From the line containing "2. Remove one" through the last line of the entries, output the text exactly. Pictures stay out.

■ Working data ■
____

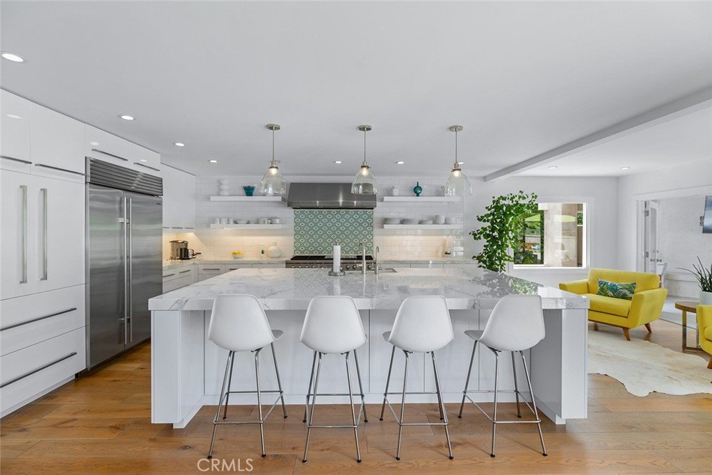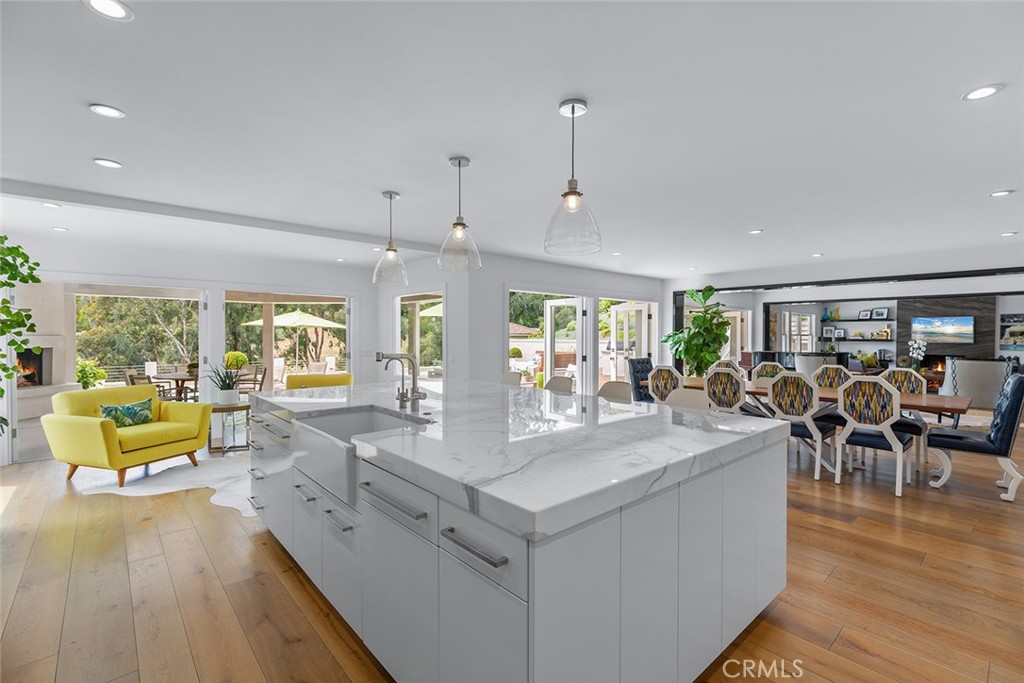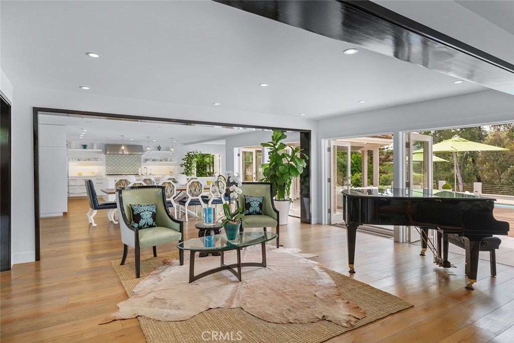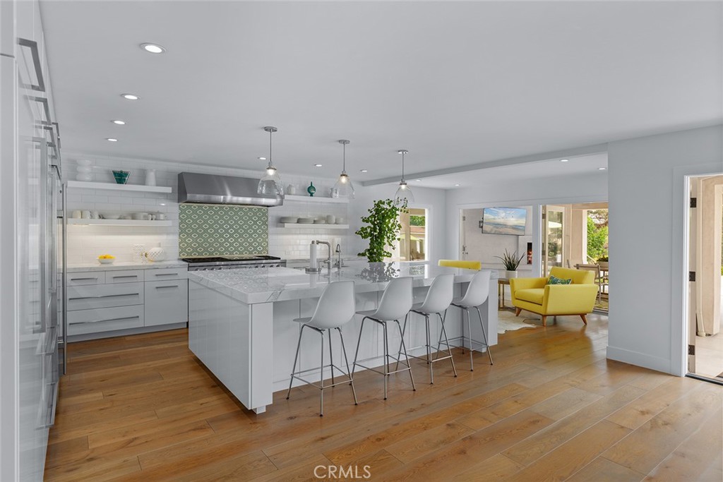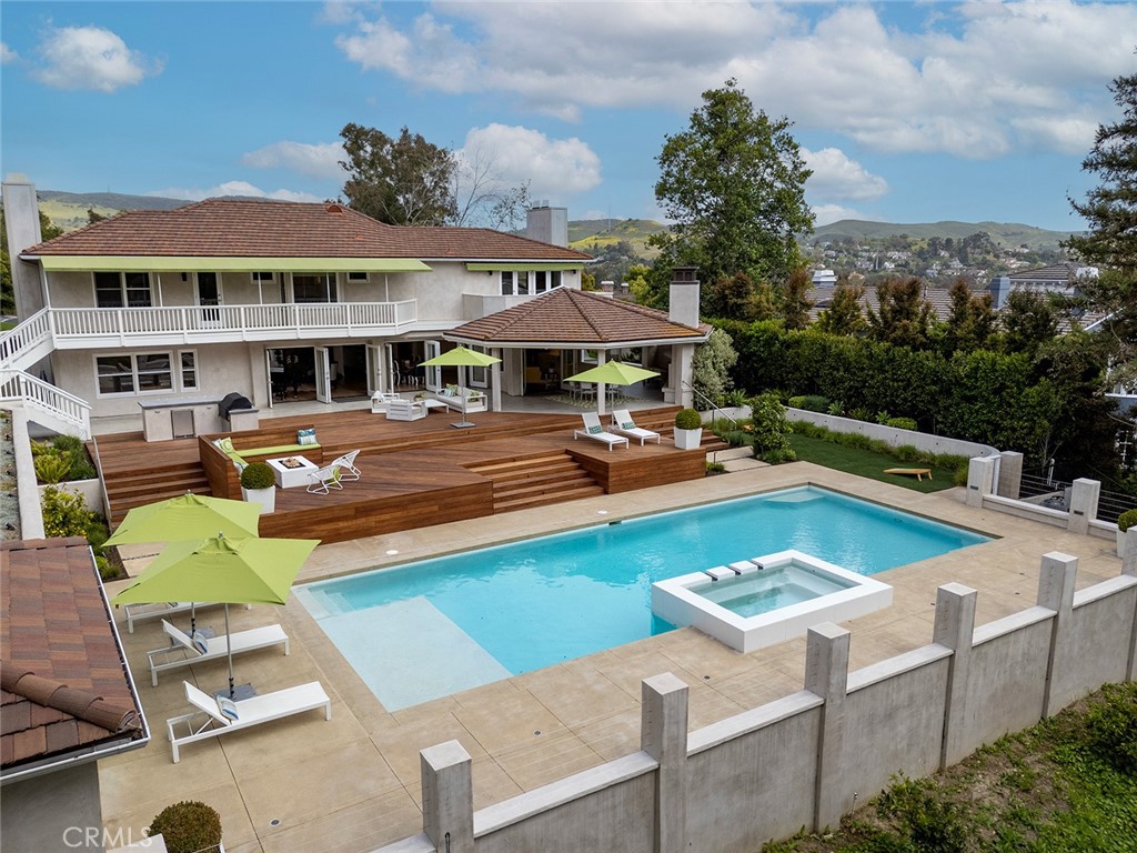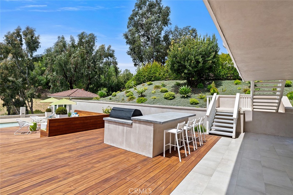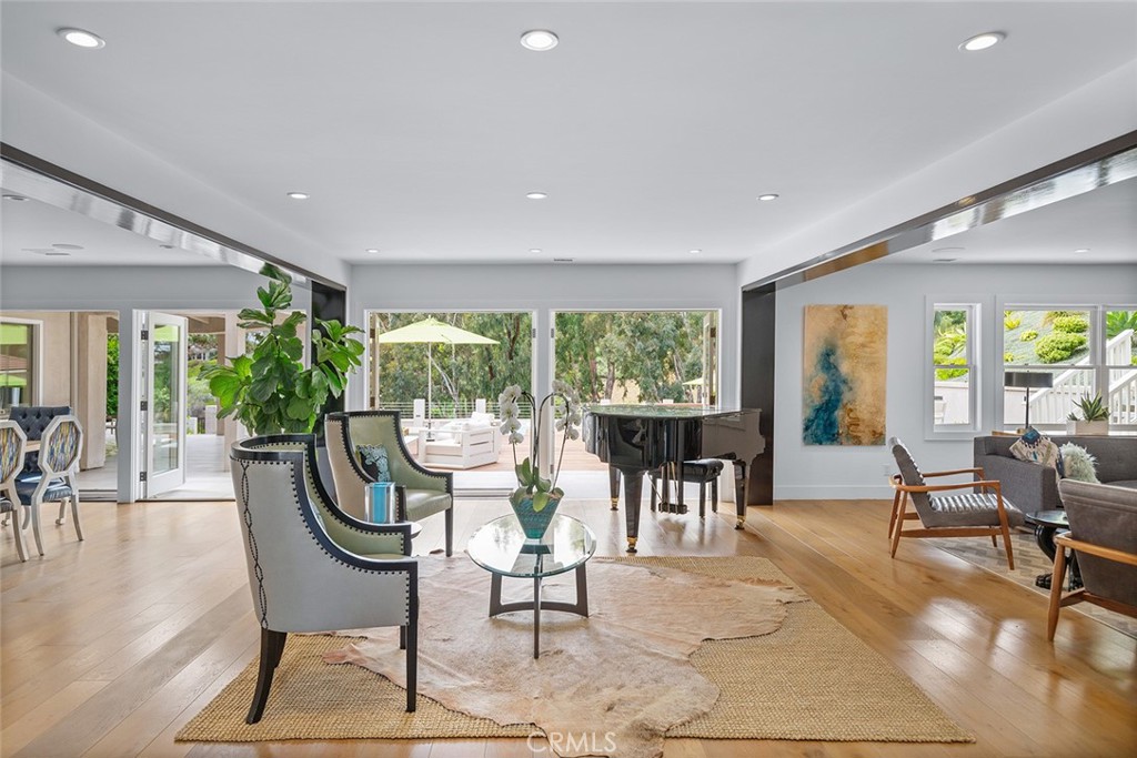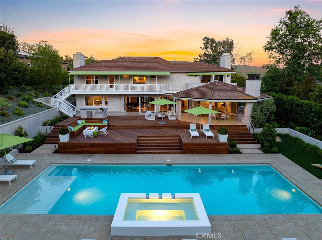 Welcome to 30982 Steeplechase Drive in the prestigious Hunt Club community of San Juan Capistrano. This California mid-century modern property offers an exquisite blend of indoor and outdoor living, designed with impeccable attention to detail. The home features an open concept floor plan, seamlessly connecting living spaces. High end finishes throughout create an elegant and comfortable ambiance. A wall of side by side doors seamlessly integrate indoor and outdoor spaces, creating a breathtaking view of the pool and deck upon entering the front door. The whole home enjoys natural light from well appointed windows and doors. The chef's kitchen with Italian Carrera marble counters, a large island, and professional-grade appliances enhance the culinary experience to include a top-of-the-line six burner Wolf range with double oven, two Sub-Zero refrigerators and two Miele dishwashers. The home boasts five en-suite bedrooms, including one on the main level ample in size which could serve as a separate guest quarters with its own exterior entrance. The oversized primary suite is a sanctuary for unparalleled comfort with a private balcony, an expansive seating area, and walk-in closet. The primary bathroom with heated tile floors, dual sinks and stand alone tub is done with functionality and sophistication. There are three fireplaces in the home, one in the living room, the primary bedroom and the outdoor dining area. The backyard has been transformed into an entertainer's dream with its own pool house, a sparkling pool with Baja Ledge and a large spa. Enjoy alfresco dining, gatherings by the fire pit and meals cooked at the modernized BBQ station. Additional amenities include a separate office with built in cabinetry, two outdoor BBQs, a butler's pantry and large laundry room with two Electrolux washers and dryers, surround sound stereo system, water filtration system and alarm system throughout the house. Just minutes from Dana Point Harbor, charming shops, five-star resorts, pristine beaches, and top-rated schools, this home epitomizes the best of Southern California living. The Hunt Club is a gated, equestrian community with multiple horse riding trails. This residence presents an incredible opportunity for discerning buyers seeking an extraordinary property in a great neighborhood.
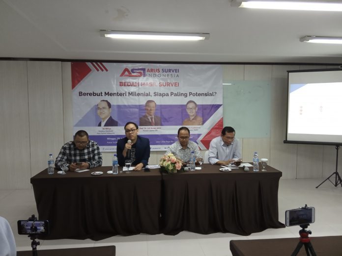 Lembaga Arus Survei Indonesia (ASI) menggelar bedah hasil survei pakar/public opinion makers (POM) bertema ”Berebut Menteri Milenial, Siapa Paling Potensial?”. Kriteria penarikan 20 figur menial melaiui tiga tingkatan, yakni masuk dalam radar survei pakar/public opinion makers Arus SurveiIndonesia yang dilaksanakan pada 26 Februari 12 Maret 2019, analisis media (April-Juli 2019) dan analisis peluang (ada restu partai politik/ormas/kedekatan khusus dengan Jokowi).
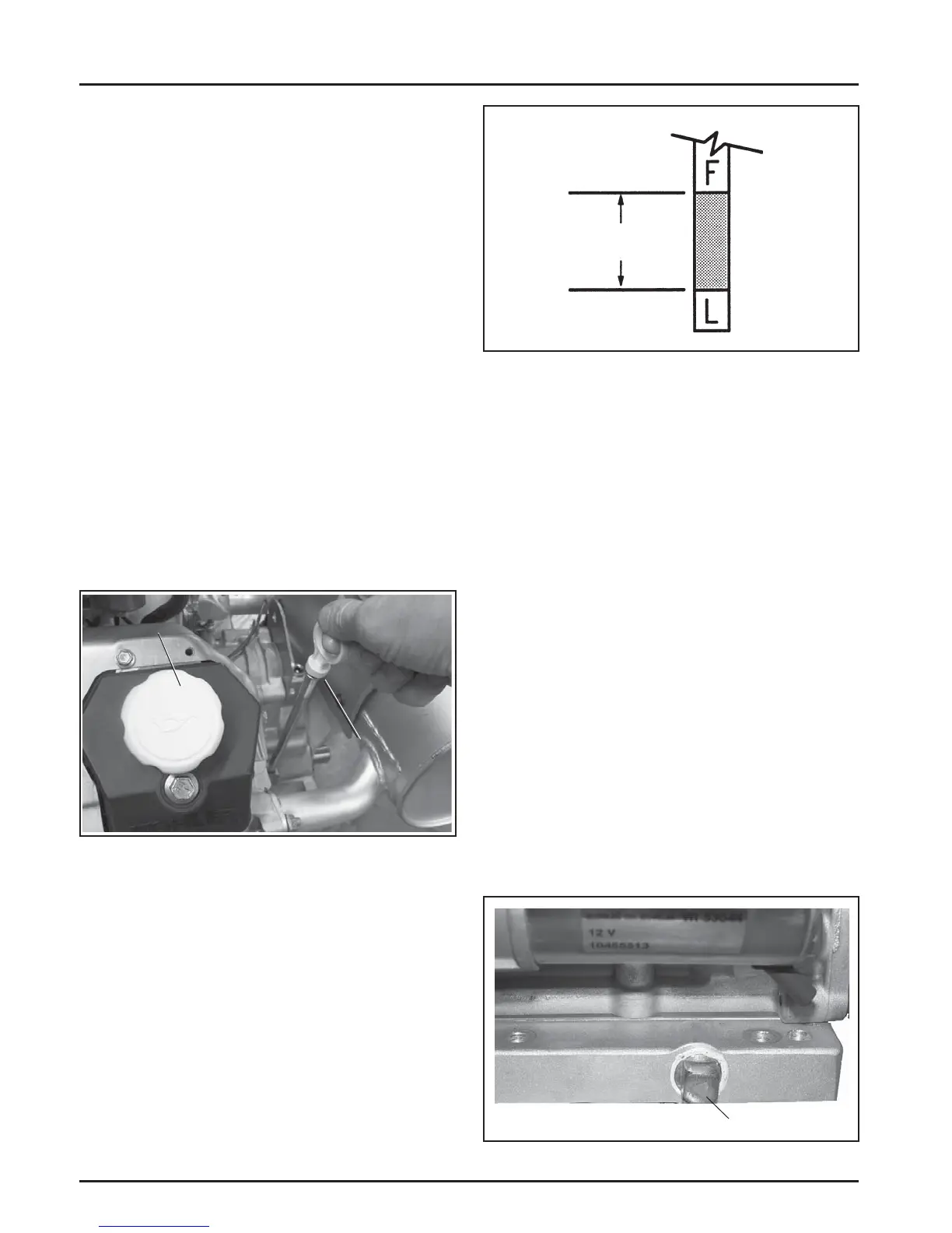 2. Remove one of the oil drain plugs, oil fi ll cap,
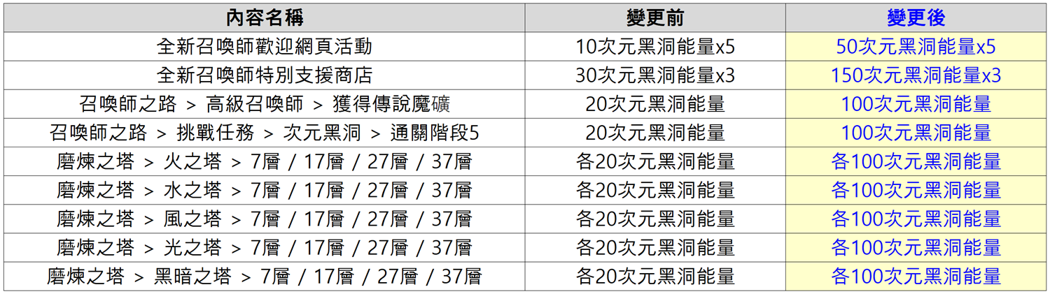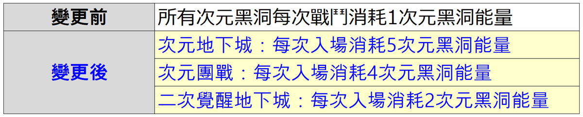 - 提升[次元黑洞能量]補充速度及持有量上限。
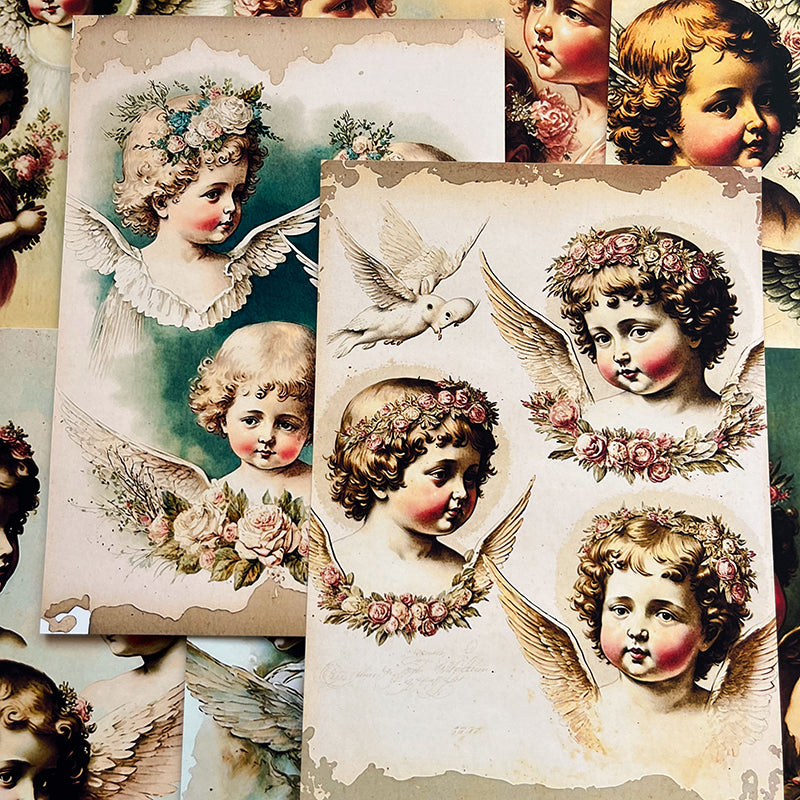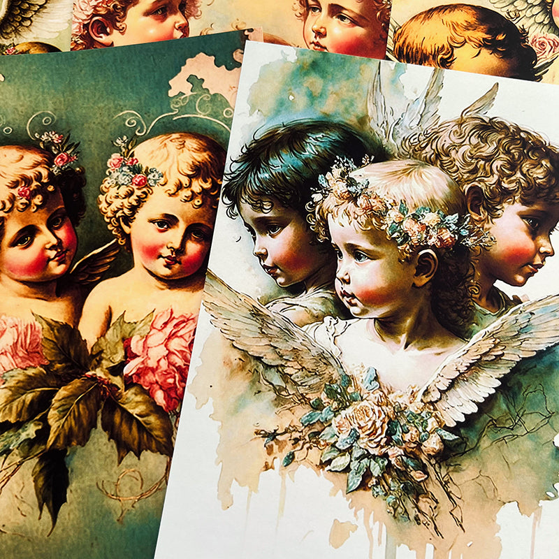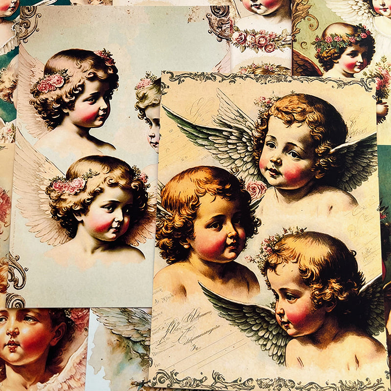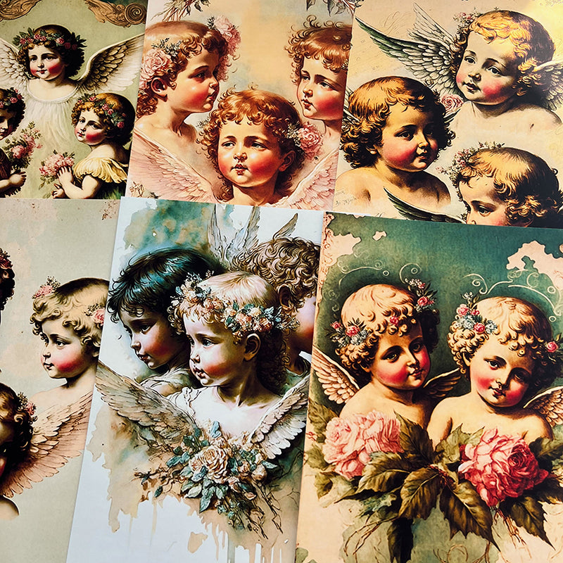 8 piezas de papel de fondo para niños con diseño de ángel retro

____

■ Response box ■
 2. Remove one of the oil drain plugs, oil fi ll cap,
 - 提升[次元黑洞能量]補充速度及持有量上限。
 8 piezas de papel de fondo para niños con diseño de ángel retro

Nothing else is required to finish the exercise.